I had a lovely beta named simply "Blue" whom I rescued from Wal-Mart. He had been placed in the same cup as another beta. I mentioned it and the employee poured both of them into the sink. but Blue was still alive! So I saved him and brought him home. His fins healed and we moved him to a 75gal. above ground koi pond. About two weeks later we added two goldfish. They were very gentle and never bothered him, but he was always flaired up at them. We thought it was funny. he would turn side-ways at them and was always puffed up chaseing the smaller goldfish. He seemed healthyer than ever. But this morning he was on the bottom of the tank, still puffed up, his fins in perfect shape. My mom thinks he had a heart attact. What do you all think happened?
:rip:


----------



## Imbrium (Feb 7, 2005)

It's hard to tell without more details about his set up, but it's not a good idea to keep bettas with goldfish. They need completely different water conditions and this probably had something to do with it.


----------



## Doghund (Jul 10, 2005)

Imbrium said:


> It's hard to tell without more details about his set up, but it's not a good idea to keep bettas with goldfish. They need completely different water conditions and this probably had something to do with it.

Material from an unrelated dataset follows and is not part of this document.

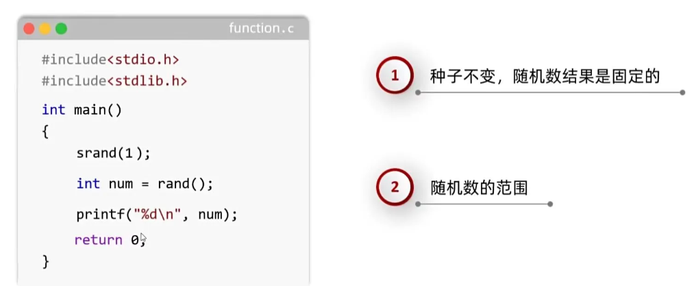 {//1.设置种子//初始值,因为每一个随机数都是通过前一个数字再结合一系列复杂的计算得到的srand(1);//2.获取随机数int num = rand();//3.输出打印printf("%d\n", num);return 0;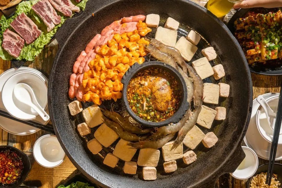 一口土砂锅,一碗活油蘸水,这就是活油烙锅。烙锅堪称“无所不烙”,无论是什么食材,都能在这方天地间发挥出极致美味。烘锅逐渐加热,高温下的蘸水咕噜咕噜,猪油便“活络”开来,融在蘸水中的活油口感鲜活,富有层次。苦荞茶

 Well, the pond is outside on our porch. I live in Louisiana, so its humid and hot right now, but the water has stayed cool. It has a gravle bottom and several different types of pond plants he was doing really well. The only difference I can think of is that yesterday my mom added an air pump because her goldfish looked out of breath. But other than that I can't think of anything... :sad:


----------



## Pac-Man (Mar 18, 2005)

Well, like Imbrium said, they need diff. conditions. bettas are tropical fish, and therefor prefer warm water, while as goldfish like cooler water. And what do you mean by puffed up? was his body literally bigger than normal? was he flaring?


----------



## ChaldoChris416 (Aug 19, 2005)

so u understand wat wer trying 2 tell u the amonia killed ur betta goldfish giv off a lot of ammonia


----------



## Alisha (Aug 5, 2005)

Yep, everyone else already told ya, but I'll tell you again. Goldfish shouldn't be kept with any fish besides other goldfish, they give off way too much amonia, and they like cold water, however bettas like higher temperatures. At least you saved him from walmart, and I'm sure he was a happy betta in the 75 gallons, but the amonia just got to him...sorry for your loss....


----------



## BettaMommy (Aug 20, 2005)

Alisha said:


> Yep, everyone else already told ya, but I'll tell you again. Goldfish shouldn't be kept with any fish besides other goldfish, they give off way too much amonia, and they like cold water, however bettas like higher temperatures. At least you saved him from walmart, and I'm sure he was a happy betta in the 75 gallons, but the amonia just got to him...sorry for your loss....


I kept my goldfish with...umm...I forgot what it was called, I just call it a sucker fish and they got along just fine.


----------